BRIEF DESCRIPTION OF THE DRAWINGS

[0008] Example embodiments of the present invention will become more fully understood from the detailed description given herein below and the accompanying drawings, wherein like elements are represented by like reference numerals, which are given by way of illustration only and thus do not limit the example embodiments.

[0009] FIG. 1 is a perspective view of a flashlight in accordance with the example embodiments.

[0010] FIG. 2 is an exploded view of the flashlight of FIG.l to illustrate constituent components thereof.

[0011] FIG. 3 is an enlarged front view of a portion of the flashlight of FIG. 1 to illustrate features of the collar in more detail.

[0012] FIG. 4 is an enlarged front view of a lower portion of the flashlight of FIG. 1 to illustrate the collar limit ring in more detail. [0013] FIG. 5 is an enlarged view of a portion of the body of the flashlight of FIG. 1 to illustrate the guide channels for the collar in more detail.

[0014] FIG. 6 is a top plan view of the leg stand of the flashlight of FIG. 1 to illustrate the guide ribs of the collar and pin of the release in more detail.

[0015] FIG. 7 is an enlarged view of a portion of the collar of the flashlight of FIG. 1 to illustrate leg-collar interfaces in more detail.

[0016] FIG. 8 is a partial enlarged side view of a leg to illustrate a non-skid foot in further detail.

[0017] FIG. 9 is an enlarged bottom plan view to illustrate the on/off button in more detail.

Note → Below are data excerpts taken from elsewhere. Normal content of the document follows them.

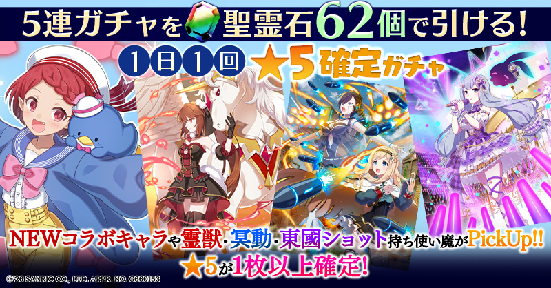 【一部NEWキャラクターや霊獣・冥動・東國ショット持ち使い魔などがPickUP】1日1回★5確定ガチャ
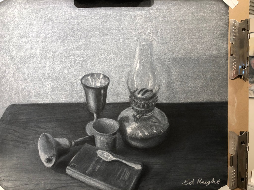 Still Life for class, 2020-05-07; white Conte sketching crayon on black paper
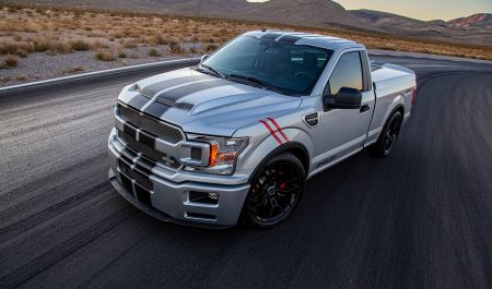 Se intuye que la F-150 es el punto de partida de esta versión, pero Shelby se ha encargado de introducir suficientes cambios como para que se muestre prácticamente irreconocible: el capó cuenta con una toma de aire, en el frontal la parrilla específica es cromada y luce la serpiente del preparador, el paragolpes se alarga casi hasta tocar el suelo, la carrocería está decorada con vinilos y las llantas de 22 pulgadas son negras.
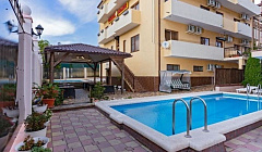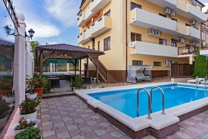 - благоустроенный внутренний двор (столы, стулья, шезлонги, беседка-бар)

[0018] FIG. 10 is a top plan view of the flashlight in a stow/carry configuration.

DETAILED DESCRIPTION

[0019] The example embodiments as to be described hereafter relate to a flashlight with pivotable legs which, in an example, are attached to a single, slidable collar on the flashlight body to provide a stand function for the flashlight. Unless otherwise defined below, terms used to describe the example embodiments should be understood for their plain meaning.

[0020] FIG. 1 is a perspective view of a flashlight in accordance with the example embodiments; and FIG. 2 is an exploded view of the flashlight of FIG. 1 to illustrate constituent components thereof. Referring to FIGS. 1 and 2, the flashlight 10 includes a generally elongate body 20 having a longitudinal axis and a lamp assembly 30. As shown, the lamp assembly 30 is attached to one end of the body 20. The flashlight 10 includes a leg stand (shown generally by element 40) attached to the body 20. The leg stand 40 includes a collar 45. A plurality of legs 50 are pivotally attached to the collar 45. [0021] As detailed hereafter, the collar 45 is adapted to be slidable along the longitudinal axis of the body 20. As shown in FIG. 2, the collar 45 may be a single- molded article; however it is within the skill of the art to fabricate collar 45 of two piece construction.

[0022] The body 20 includes a plurality of locking bores 25 in spaced-relation to one another for fixedly securing the collar 45 in various positions along the longitudinal axis thereof. A pin 47 of a release 46 is biased by spring pressure of a spring 42 into one of the bores 25 so as to secure the collar 45 to the body 20. [0023] Each leg 50 includes a proximal end 51 attached to the collar 45 via a hinge mechanism 52 formed in the collar 45, and a distal end 53 terminating in a non-skid foot 54. The hinge mechanism 52 permits leg 50 's pivot or travel in an arc of up to approximately 120 degrees from the leg 50's stowed or carry position (i.e., taken from a plane in which the leg is secured in parallel relation next to the body on the leg stand 40) against body 20 upward.

[0024] Referring to FIG. 2, the lamp assembly 30 includes a head 31 that is affixed to a connector 60. The connector 60 includes a necked down threaded portion for engagement to collar 45 and includes a protective fixed plastic gasket 61 there between. In an example, head 31 may be formed of ABS. An acrylic lens 32 is supported within a circular lens collar 32A formed within the inner periphery of the head 31. A reflector 33 abuts the lens 32 and is supported in a reflector holder 34 that is removably attached to a connector 60 via threaded fastening means, for example.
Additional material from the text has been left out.